O problema é que, mesmo com a ampliação, o algoritmo de inteligência artificial utilizado não conseguia diferenciar com precisão as rochas presentes nas superfícies glaciais, de modo que estudantes da Colgate University e colegas de outras instituições precisaram entrar em ação. Durante meses, Levy trabalhou em uma espécie de “trabalho de campo virtual” com os estudantes para contar e medir 60 mil rochas, e ficou surpreso quando percebeu que o tamanho das delas não parecia seguir uma ordem, mas sim uma distribuição aleatória. “Não era o tamanho que importava, mas sim como estavam organizadas”, comenta. Como as rochas se deslocaram dentro das geleiras, elas não sofreram erosão e acabaram distribuídas em grandes grupos de detritos.

Esses grupos, localizados nas superfícies das geleiras, indicam a separação dos diferentes fluxos de gelo que se formaram conforme o planeta se movia em seu eixo. Com os dados, ele concluiu, então, que o planeta passou por algo entre seis e 20 eras glaciais nos últimos 300 a 800 milhões de anos. Trata-se da primeira evidência geológica dos efeitos da órbita marciana e das mudanças na inclinação do planeta ao longo de milhões de anos e, além disso, a descoberta traz implicações para a geologia planetária e exploração espacial: “essas geleiras são pequenas cápsulas do tempo, que guardam registros do que havia na atmosfera marciana”, comenta ele.

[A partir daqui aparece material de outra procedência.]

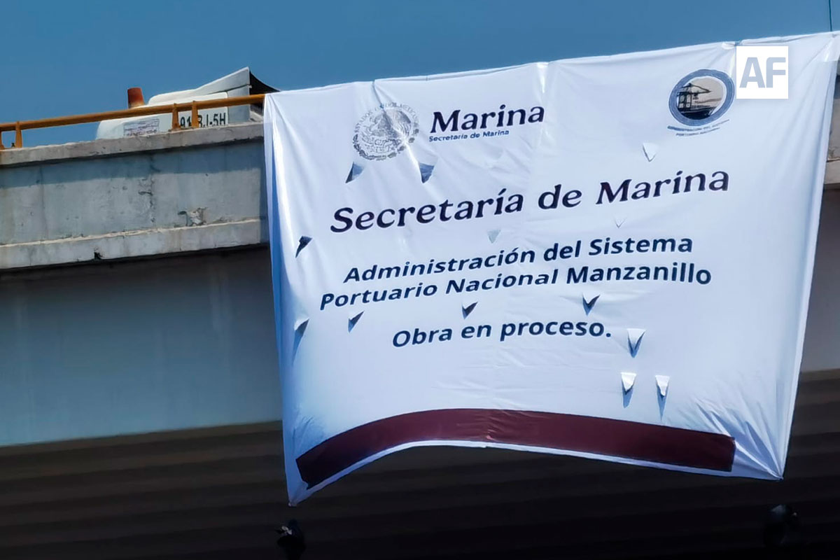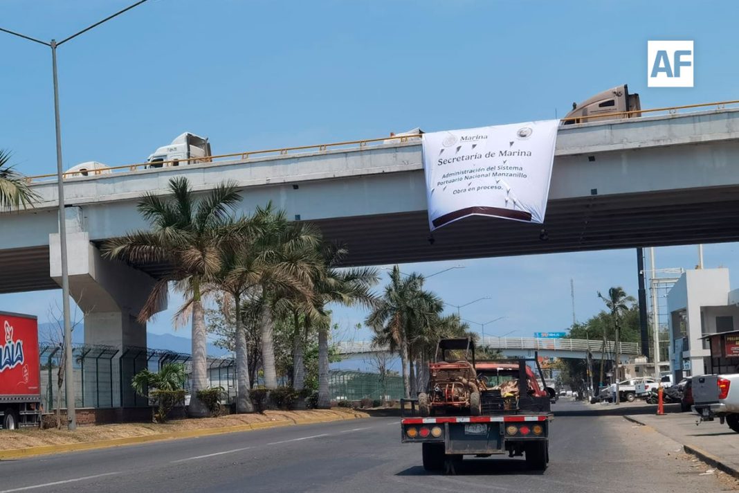 «Secretaría de Marina. Administración del Sistema Portuario Nacional Manzanillo. Obra en proceso».

Isso porque essas formações indicam o que houve durante centenas de milhões de anos da história do planeta sem a necessidade de perfurar o solo. Com esse longo histórico, os cientistas poderão descobrir mais sobre a possibilidade de formas de vida no passado do planeta. “Se houve qualquer biomarcador ali, eles também devem ter ficado presos no gelo”, disse. Agora, Levy e seus colegas estão mapeando o restante das geleiras para treinar a inteligência artificial com os dados que já possuem; assim, o algoritmo deve realizar o trabalho de contar e identificar as rochas. O estudo nos deixa um passo mais perto de ter um histórico completo do nosso vizinho espacial.

O artigo com os resultados do estudo foi publicado na revista Proceedings of the National Academies of Science (PNAS).